- Instructions to follow
Look through the entries below for the line with "TE PUEDE INTERESAR: Desaparecen" and the line with "1688找货类似于淘宝,但又", then give again exactly those two lines and all lines between them, minus the pictures.

- Supplied entries
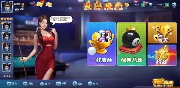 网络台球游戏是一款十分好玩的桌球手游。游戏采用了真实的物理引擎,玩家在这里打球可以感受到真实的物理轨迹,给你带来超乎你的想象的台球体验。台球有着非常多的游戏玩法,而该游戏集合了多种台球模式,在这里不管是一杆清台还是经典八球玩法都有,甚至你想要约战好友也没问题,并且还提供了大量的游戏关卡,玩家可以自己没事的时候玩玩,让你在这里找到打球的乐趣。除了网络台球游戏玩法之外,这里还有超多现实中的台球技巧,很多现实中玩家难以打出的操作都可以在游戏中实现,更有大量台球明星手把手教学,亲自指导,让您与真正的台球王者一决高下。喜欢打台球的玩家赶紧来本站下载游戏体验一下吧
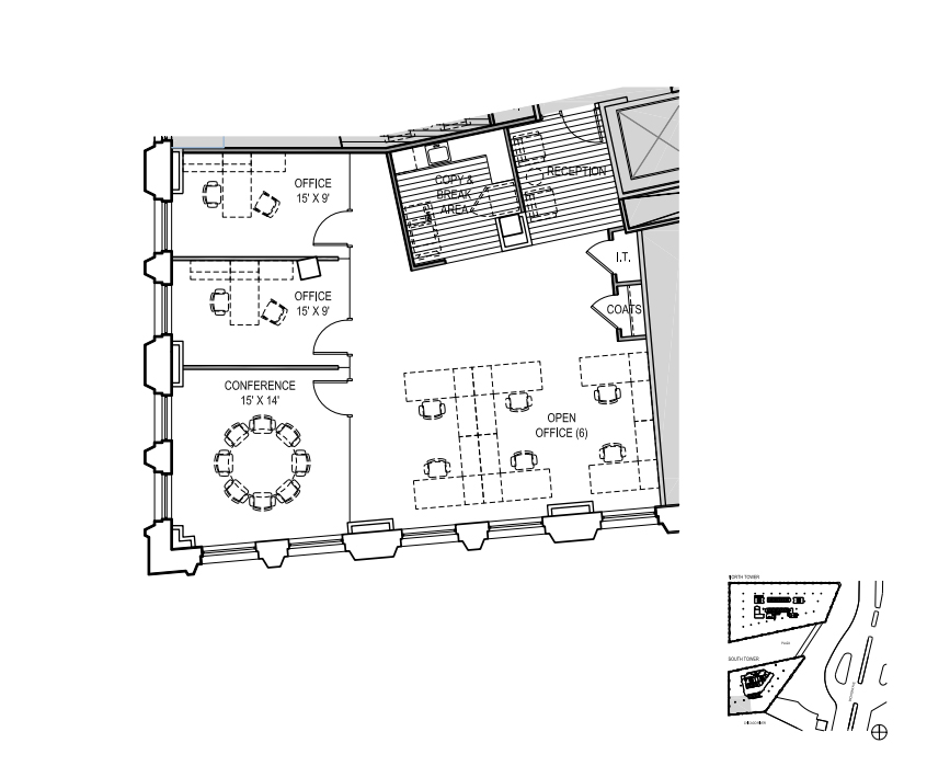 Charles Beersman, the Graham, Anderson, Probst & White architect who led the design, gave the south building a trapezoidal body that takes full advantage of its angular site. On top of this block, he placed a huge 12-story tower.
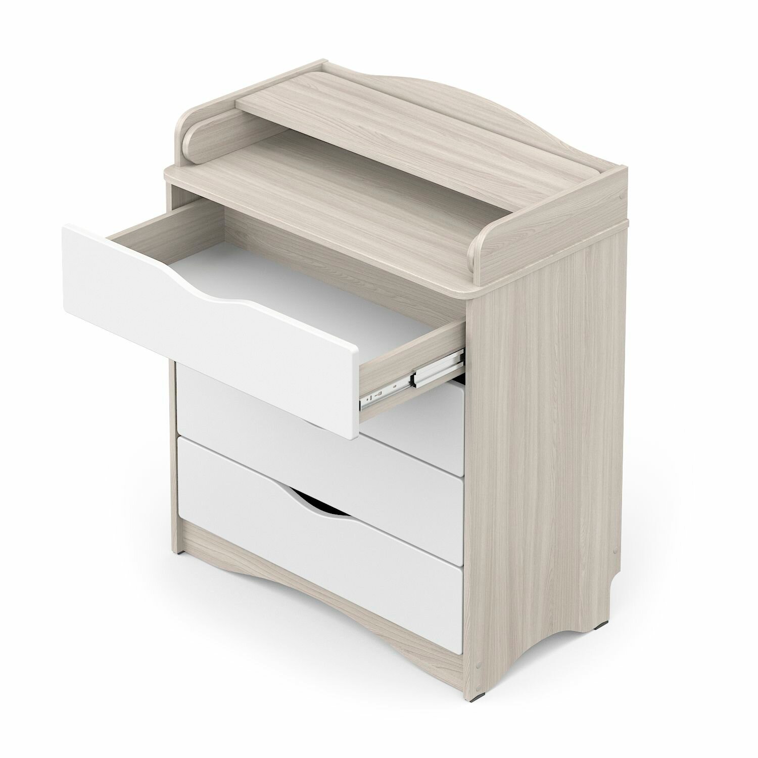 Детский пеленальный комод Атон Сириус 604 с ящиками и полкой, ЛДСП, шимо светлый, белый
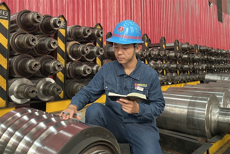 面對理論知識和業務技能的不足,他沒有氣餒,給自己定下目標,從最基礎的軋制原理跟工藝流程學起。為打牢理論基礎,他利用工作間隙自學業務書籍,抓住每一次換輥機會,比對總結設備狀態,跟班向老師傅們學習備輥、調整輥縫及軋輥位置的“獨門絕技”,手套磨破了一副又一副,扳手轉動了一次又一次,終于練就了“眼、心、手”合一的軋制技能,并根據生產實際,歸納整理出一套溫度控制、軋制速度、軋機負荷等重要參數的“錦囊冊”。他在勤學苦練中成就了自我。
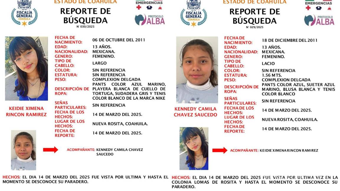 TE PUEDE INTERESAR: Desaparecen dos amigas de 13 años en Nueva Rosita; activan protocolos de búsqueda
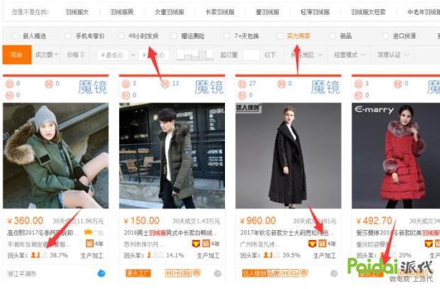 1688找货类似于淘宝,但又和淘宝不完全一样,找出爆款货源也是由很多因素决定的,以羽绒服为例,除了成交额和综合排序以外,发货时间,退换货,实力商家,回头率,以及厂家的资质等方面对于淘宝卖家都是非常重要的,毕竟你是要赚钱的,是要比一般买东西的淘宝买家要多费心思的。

==

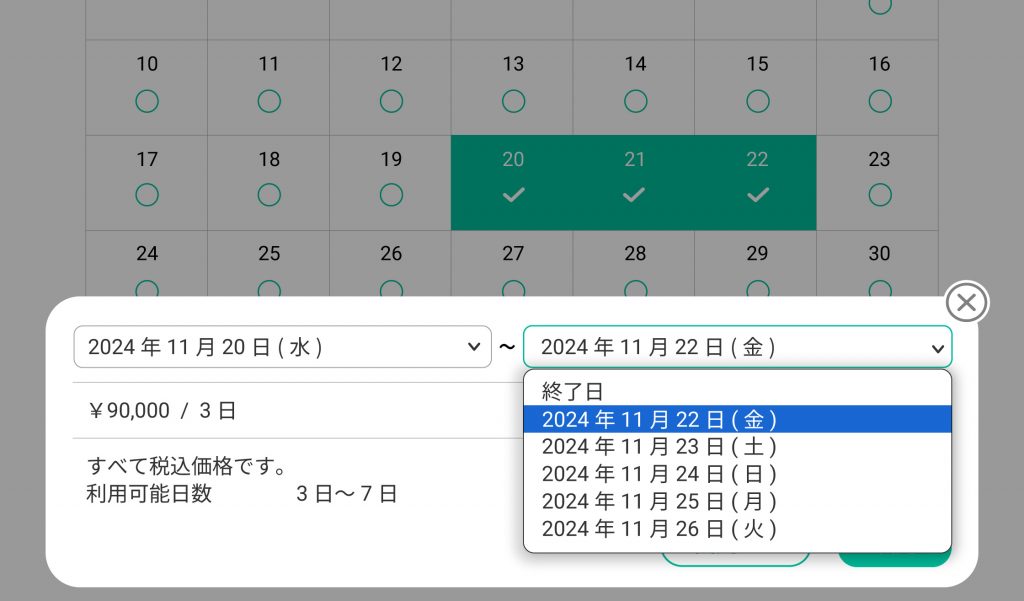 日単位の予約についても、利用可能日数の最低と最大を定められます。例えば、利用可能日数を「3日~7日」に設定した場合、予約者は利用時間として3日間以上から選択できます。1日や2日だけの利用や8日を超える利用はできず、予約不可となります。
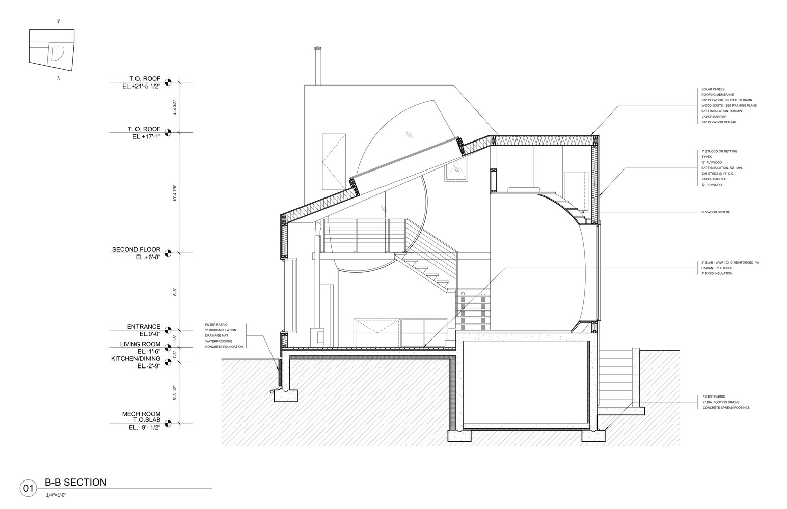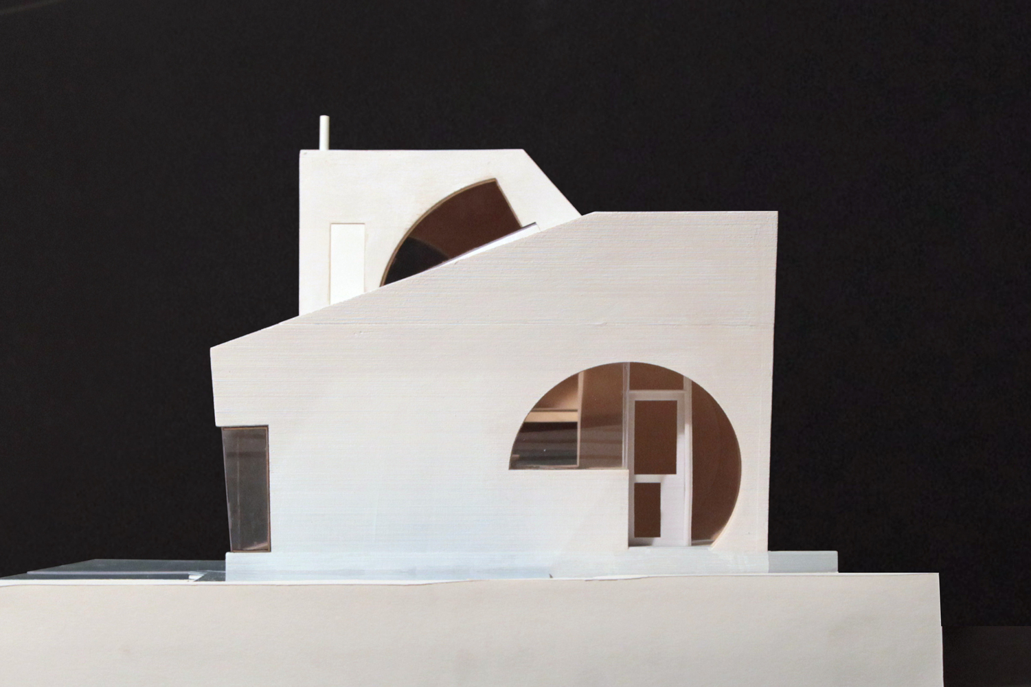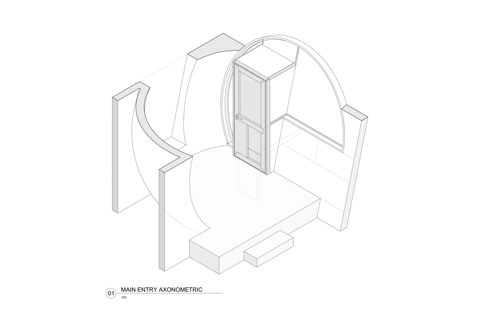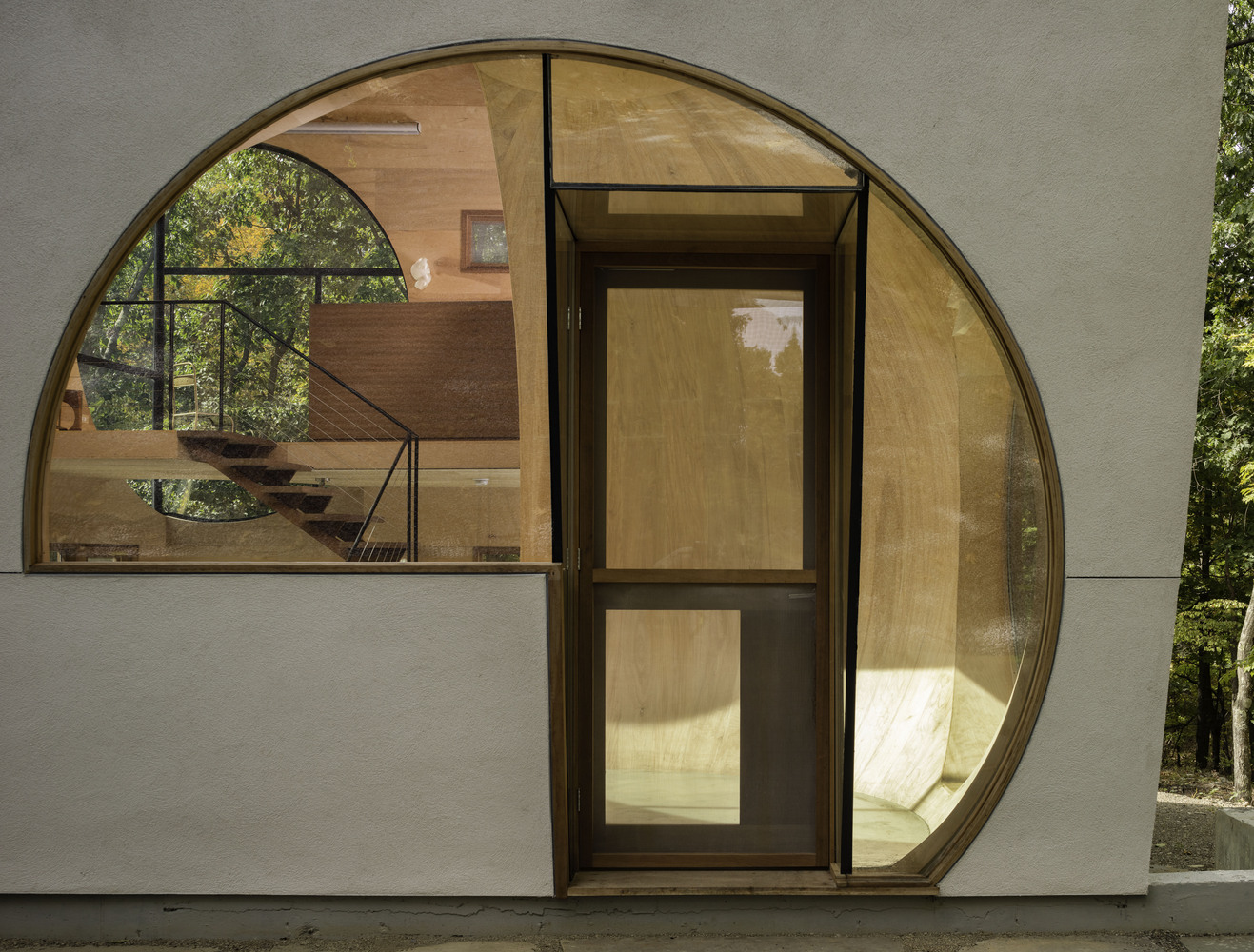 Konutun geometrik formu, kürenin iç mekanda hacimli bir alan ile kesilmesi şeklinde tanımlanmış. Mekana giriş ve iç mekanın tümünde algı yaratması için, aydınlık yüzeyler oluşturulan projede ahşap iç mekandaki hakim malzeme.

--

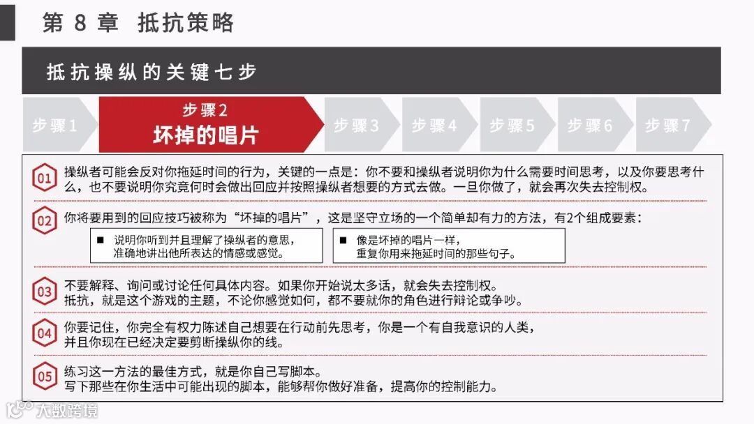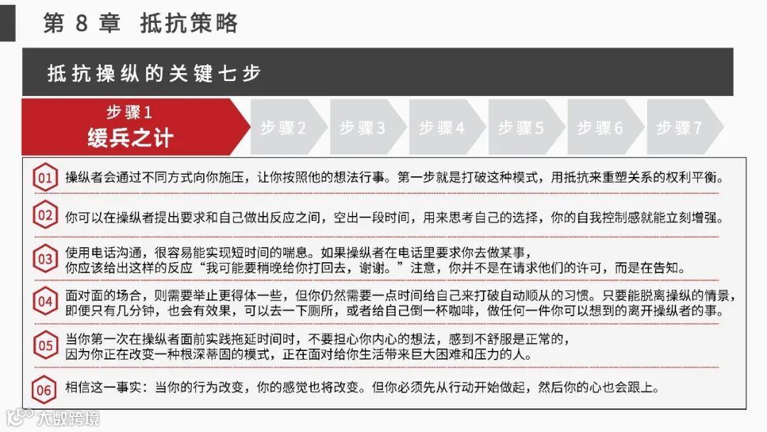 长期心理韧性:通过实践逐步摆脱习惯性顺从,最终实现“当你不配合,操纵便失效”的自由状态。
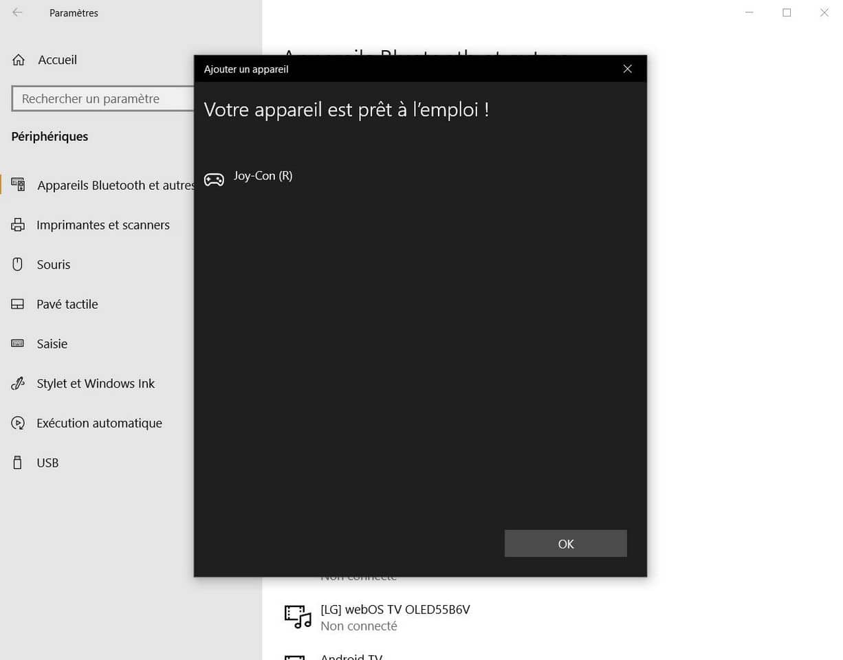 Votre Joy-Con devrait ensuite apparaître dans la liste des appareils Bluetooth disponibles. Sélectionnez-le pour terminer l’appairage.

- Answer to the problem
 TE PUEDE INTERESAR: Desaparecen dos amigas de 13 años en Nueva Rosita; activan protocolos de búsqueda
 1688找货类似于淘宝,但又和淘宝不完全一样,找出爆款货源也是由很多因素决定的,以羽绒服为例,除了成交额和综合排序以外,发货时间,退换货,实力商家,回头率,以及厂家的资质等方面对于淘宝卖家都是非常重要的,毕竟你是要赚钱的,是要比一般买东西的淘宝买家要多费心思的。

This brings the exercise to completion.